An index exchange-traded fund (ETF) is a type of investment that attempts to track the performance of a market index. An Index ETF is traded on an exchange like a stock, and can consist of different securities. It is similar to an index mutual fund, but often offers lower expense and tax consequences. Index ETFs are not actively managed, can track many different indexes, and may use different methodologies to track their respective indexes.

The first Index ETFs appeared in the U.S. in 1993, and quickly became popular because of their flexibility, convenience, and simplicity. These funds are made up of smaller pieces of other securities, such as stocks or bonds. An Index ETF that tracks the S&P 500®, for example, might have holdings in all the corporations that make up the S&P 500® index. ETFs that track other indexes may consist of other types of assets. A bond index ETF might contain several different municipal or corporate bonds, while an ETF that tracks commodity indexes could consist of futures contracts or the underlying commodity itself.

Although most ETFs are passively managed index funds, in 2008 the U.S. Securities and Exchange Commission (SEC) approved the development of the first actively managed ETF.
Although most ETFs are passively managed index funds, in 2008 the U.S. Securities and Exchange Commission (SEC) approved the development of the first actively managed ETF.

It’s common for an index ETF to be compared to an index mutual fund. In many ways, the two are quite similar as they both seek to track an index as accurately as possible. Both can offer investors a relatively easy way to diversify their portfolio, and both usually use a predefined strategy rather than active management to track their respective index. Neither attempts to beat the index, only to replicate its returns.

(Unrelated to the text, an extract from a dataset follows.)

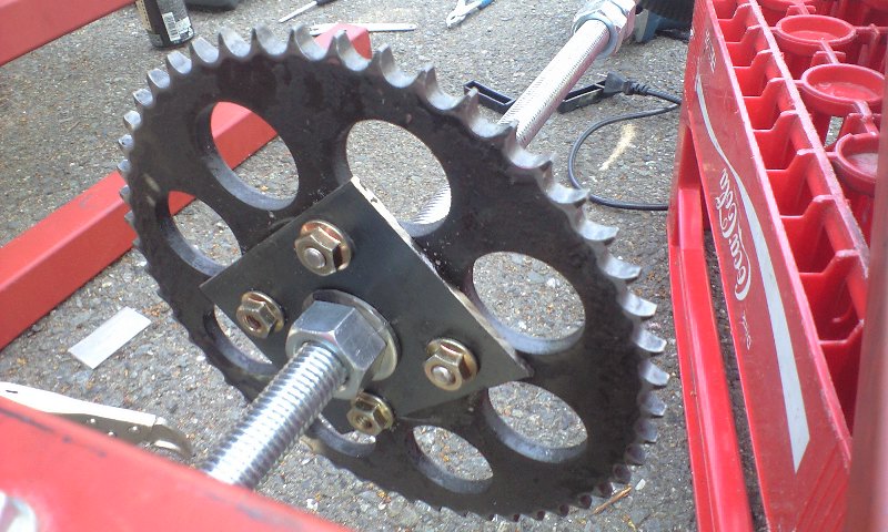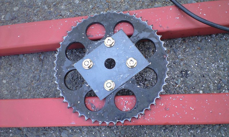 結局、鉄板を切り出して、4つのボルト穴を開けてスプロケと固定。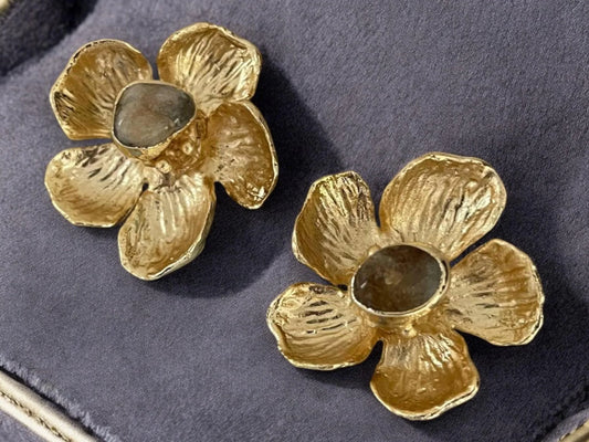 Gold Plated Stud Earrings – Handmade Floral Agate Stone Earrings with Chunky Flower Design

ETFs tend to have a few advantages over mutual funds when it comes to expenses and fees, though these can be relatively minor depending on the individual funds. Mutual funds tend to have higher management fees and expense ratios than ETFs. In the U.S., ETFs often have a tax advantage over mutual funds. On the other hand, mutual funds don’t usually have transaction fees when purchased directly from the management company, while ETFs are subject to broker’s commission fees.

The lack of active management means that an index ETF uses rules or strategies to track its index. These rules can vary depending on the fund, so different ETFs that track the same index might have different portfolios. Some funds heavily weight a specific sector of their index. Newer “smart” index ETFs use dynamic portfolios based on valuation to attempt to outperform the market.

Index ETFs are available for virtually every market index. Many international ETFs track foreign indexes to give investors global market exposure. Commodity ETFs can track the price of common commodities like gold. Index ETFs can also track narrow segments of the market, such as biotechnology or even the price of corn.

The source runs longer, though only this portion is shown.